__Exercise objective__
Below is a listing; write it out exactly and drop any images from it.

__Data shown__
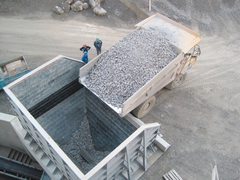 It was essential to choose the right material to meet the demands and requirements of the hopper, which is designed to handle around 500000 t rock per year. After a planning and consultation phase, the company decided to buy 1500 pieces of 50 mm thick rubber liners mounted with welded studs, to meet the requirements for up to 60 t rock per trough, with a product size of up to 140 mm. If the sharp-edged has worn out the plates can be replaced quickly and safely, at low cost, by exchanging individual plates which are quite handy with each plate weighing 5 kg and measuring 300 x 300 mm in size.
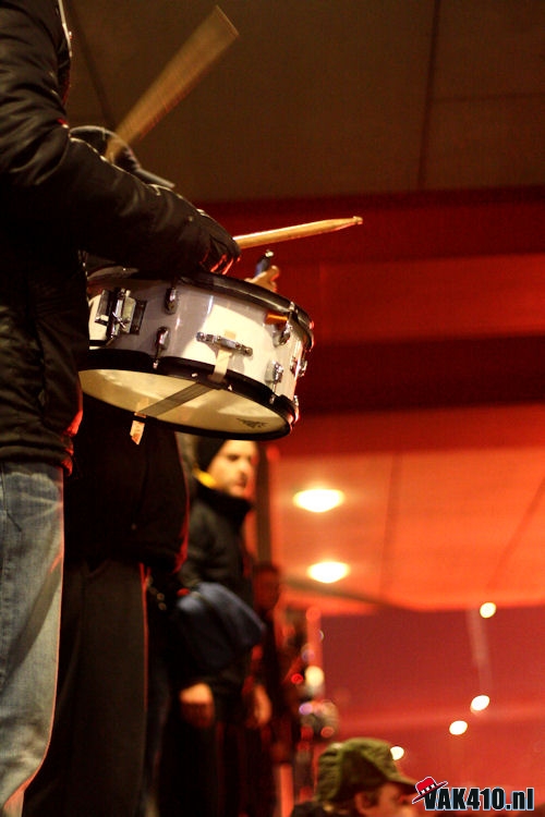 Vrijdag werd op de Toekomst de laatste training voor de wedstrijd achter ‘gesloten' deuren afwerkt. Een groepje VAK410 klom over de deur en hing een aantal spandoeken op en zong de spelers kort toe. Waarna de groep rustig het trainingscomplex verliet. Na de training kwamen de spelers en trainer nog even kort naar de groep om te bedanken voor dit gebaar.
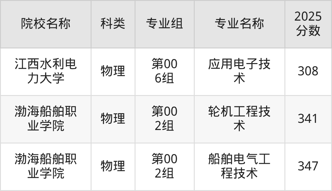 2025年在黑龙江定向士官录取分数线主要位于341分-347分之间,物理类最低分341分,对应最低分专业是第002组的轮机工程技术专业。最高分定向士官专业是船舶电气工程技术,2025年录取分数线为347分。
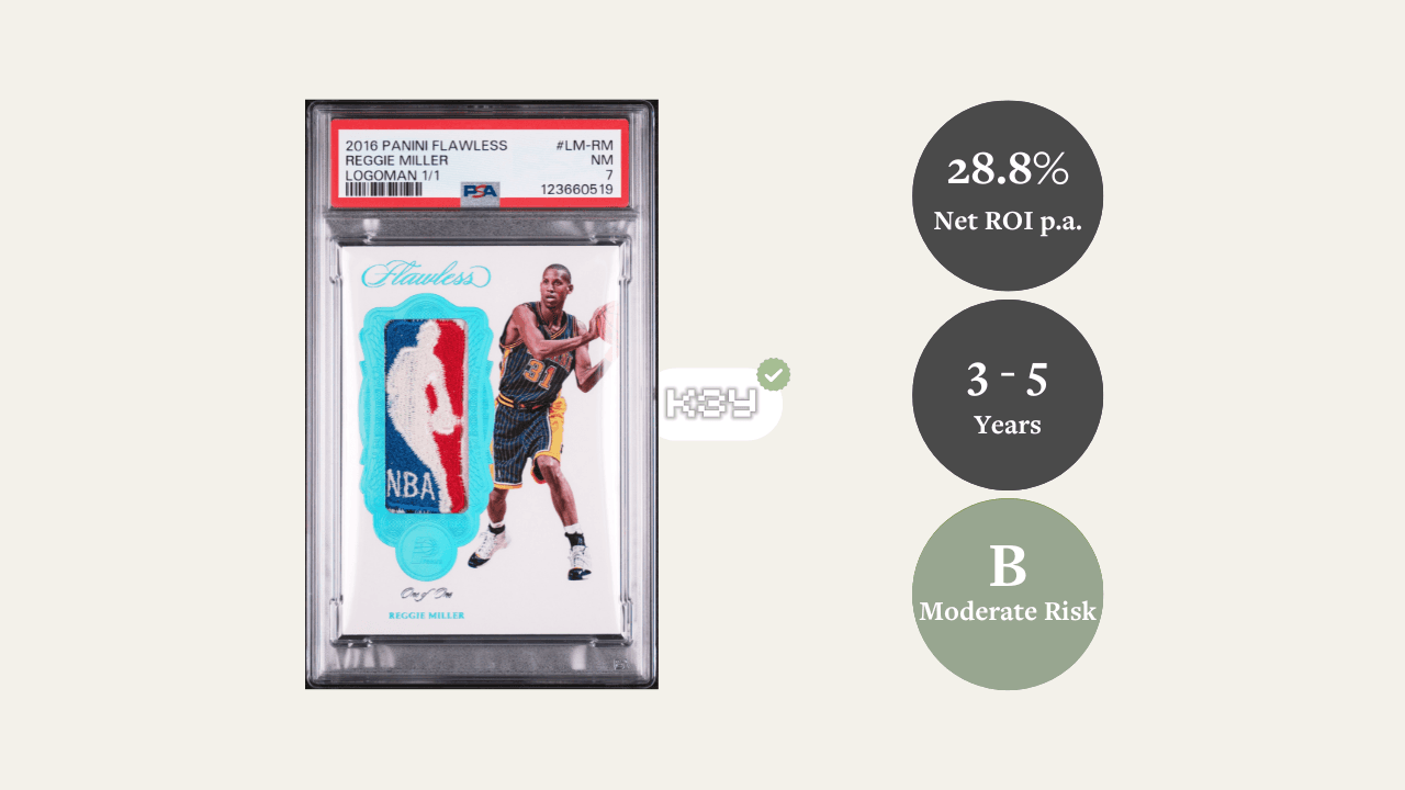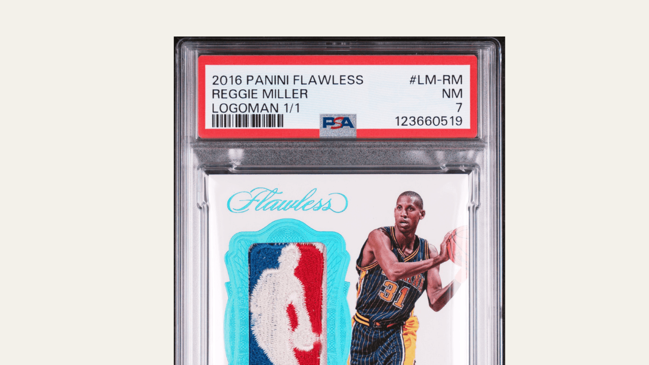 Cette carte a un attrait unique qui dépasse les catégories. Elle est recherchée non seulement par les fans de Reggie Miller et les collectionneurs des Indiana Pacers, mais aussi par les collectionneurs Flawless, les passionnés de logoman et ceux qui constituent des collections uniques ou sur le thème des finales. Avec seulement neuf cartes solo Reggie logoman connues pour toutes les années et tous les fabricants, et aucune jamais vendue publiquement, cette carte offre une rareté et un prestige dignes d'un musée.Le patch logoman utilisé pendant le match et la note PSA 7 (sur un papier épais Flawless de 130 pt) ajoutent à son attrait. Vu l'exclusivité de la carte et sa sensibilité à l'état, la note est plus qu'acceptable, surtout que les collectionneurs privilégient de plus en plus l'unicité et la provenance plutôt que la seule note numérique.

__Task answer__
 It was essential to choose the right material to meet the demands and requirements of the hopper, which is designed to handle around 500000 t rock per year. After a planning and consultation phase, the company decided to buy 1500 pieces of 50 mm thick rubber liners mounted with welded studs, to meet the requirements for up to 60 t rock per trough, with a product size of up to 140 mm. If the sharp-edged has worn out the plates can be replaced quickly and safely, at low cost, by exchanging individual plates which are quite handy with each plate weighing 5 kg and measuring 300 x 300 mm in size.
 Vrijdag werd op de Toekomst de laatste training voor de wedstrijd achter ‘gesloten' deuren afwerkt. Een groepje VAK410 klom over de deur en hing een aantal spandoeken op en zong de spelers kort toe. Waarna de groep rustig het trainingscomplex verliet. Na de training kwamen de spelers en trainer nog even kort naar de groep om te bedanken voor dit gebaar.
 2025年在黑龙江定向士官录取分数线主要位于341分-347分之间,物理类最低分341分,对应最低分专业是第002组的轮机工程技术专业。最高分定向士官专业是船舶电气工程技术,2025年录取分数线为347分。
 Cette carte a un attrait unique qui dépasse les catégories. Elle est recherchée non seulement par les fans de Reggie Miller et les collectionneurs des Indiana Pacers, mais aussi par les collectionneurs Flawless, les passionnés de logoman et ceux qui constituent des collections uniques ou sur le thème des finales. Avec seulement neuf cartes solo Reggie logoman connues pour toutes les années et tous les fabricants, et aucune jamais vendue publiquement, cette carte offre une rareté et un prestige dignes d'un musée.Le patch logoman utilisé pendant le match et la note PSA 7 (sur un papier épais Flawless de 130 pt) ajoutent à son attrait. Vu l'exclusivité de la carte et sa sensibilité à l'état, la note est plus qu'acceptable, surtout que les collectionneurs privilégient de plus en plus l'unicité et la provenance plutôt que la seule note numérique.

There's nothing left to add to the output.